EXERCISE INSTRUCTIONS
Some lines in the entries contain the word "with". Copy all of them.

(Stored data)
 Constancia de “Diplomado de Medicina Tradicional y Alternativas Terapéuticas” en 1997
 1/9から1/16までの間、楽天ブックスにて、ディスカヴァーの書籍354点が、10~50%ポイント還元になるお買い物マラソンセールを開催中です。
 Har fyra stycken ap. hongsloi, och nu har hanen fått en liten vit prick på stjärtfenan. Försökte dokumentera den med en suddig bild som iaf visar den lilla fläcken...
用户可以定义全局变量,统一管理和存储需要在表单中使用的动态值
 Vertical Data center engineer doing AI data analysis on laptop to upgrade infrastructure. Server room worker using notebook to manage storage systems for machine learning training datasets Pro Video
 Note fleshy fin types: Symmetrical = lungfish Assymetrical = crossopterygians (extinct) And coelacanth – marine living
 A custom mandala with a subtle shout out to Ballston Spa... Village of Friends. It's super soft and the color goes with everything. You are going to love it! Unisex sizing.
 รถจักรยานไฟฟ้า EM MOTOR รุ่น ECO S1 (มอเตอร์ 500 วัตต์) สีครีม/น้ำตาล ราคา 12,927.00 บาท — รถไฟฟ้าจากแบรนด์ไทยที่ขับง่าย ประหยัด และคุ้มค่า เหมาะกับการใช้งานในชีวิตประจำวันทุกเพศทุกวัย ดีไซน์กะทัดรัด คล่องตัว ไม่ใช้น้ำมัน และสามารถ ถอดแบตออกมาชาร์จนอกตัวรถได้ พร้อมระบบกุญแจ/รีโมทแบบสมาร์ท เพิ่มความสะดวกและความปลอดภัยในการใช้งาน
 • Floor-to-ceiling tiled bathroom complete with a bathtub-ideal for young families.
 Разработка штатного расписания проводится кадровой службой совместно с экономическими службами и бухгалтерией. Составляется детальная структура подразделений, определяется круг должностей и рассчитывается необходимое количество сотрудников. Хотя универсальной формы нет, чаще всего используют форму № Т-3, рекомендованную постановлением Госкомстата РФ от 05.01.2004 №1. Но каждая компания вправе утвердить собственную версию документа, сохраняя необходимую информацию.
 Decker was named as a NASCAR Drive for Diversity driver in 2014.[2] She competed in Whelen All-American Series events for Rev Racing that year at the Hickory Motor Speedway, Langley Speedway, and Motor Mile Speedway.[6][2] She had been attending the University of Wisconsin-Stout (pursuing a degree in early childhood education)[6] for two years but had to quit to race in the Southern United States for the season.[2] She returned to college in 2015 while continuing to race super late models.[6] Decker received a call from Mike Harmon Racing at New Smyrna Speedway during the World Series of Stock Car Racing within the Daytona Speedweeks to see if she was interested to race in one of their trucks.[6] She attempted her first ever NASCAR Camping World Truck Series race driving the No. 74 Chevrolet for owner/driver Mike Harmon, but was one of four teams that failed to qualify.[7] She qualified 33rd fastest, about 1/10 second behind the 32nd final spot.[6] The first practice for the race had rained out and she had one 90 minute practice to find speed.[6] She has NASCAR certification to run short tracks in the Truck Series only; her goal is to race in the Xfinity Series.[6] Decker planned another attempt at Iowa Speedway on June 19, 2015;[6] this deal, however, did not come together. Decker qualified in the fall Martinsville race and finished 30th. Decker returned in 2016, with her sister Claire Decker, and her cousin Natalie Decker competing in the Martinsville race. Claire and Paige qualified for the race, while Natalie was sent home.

ANSWER BOX
 A custom mandala with a subtle shout out to Ballston Spa... Village of Friends. It's super soft and the color goes with everything. You are going to love it! Unisex sizing.
 • Floor-to-ceiling tiled bathroom complete with a bathtub-ideal for young families.
 Decker was named as a NASCAR Drive for Diversity driver in 2014.[2] She competed in Whelen All-American Series events for Rev Racing that year at the Hickory Motor Speedway, Langley Speedway, and Motor Mile Speedway.[6][2] She had been attending the University of Wisconsin-Stout (pursuing a degree in early childhood education)[6] for two years but had to quit to race in the Southern United States for the season.[2] She returned to college in 2015 while continuing to race super late models.[6] Decker received a call from Mike Harmon Racing at New Smyrna Speedway during the World Series of Stock Car Racing within the Daytona Speedweeks to see if she was interested to race in one of their trucks.[6] She attempted her first ever NASCAR Camping World Truck Series race driving the No. 74 Chevrolet for owner/driver Mike Harmon, but was one of four teams that failed to qualify.[7] She qualified 33rd fastest, about 1/10 second behind the 32nd final spot.[6] The first practice for the race had rained out and she had one 90 minute practice to find speed.[6] She has NASCAR certification to run short tracks in the Truck Series only; her goal is to race in the Xfinity Series.[6] Decker planned another attempt at Iowa Speedway on June 19, 2015;[6] this deal, however, did not come together. Decker qualified in the fall Martinsville race and finished 30th. Decker returned in 2016, with her sister Claire Decker, and her cousin Natalie Decker competing in the Martinsville race. Claire and Paige qualified for the race, while Natalie was sent home.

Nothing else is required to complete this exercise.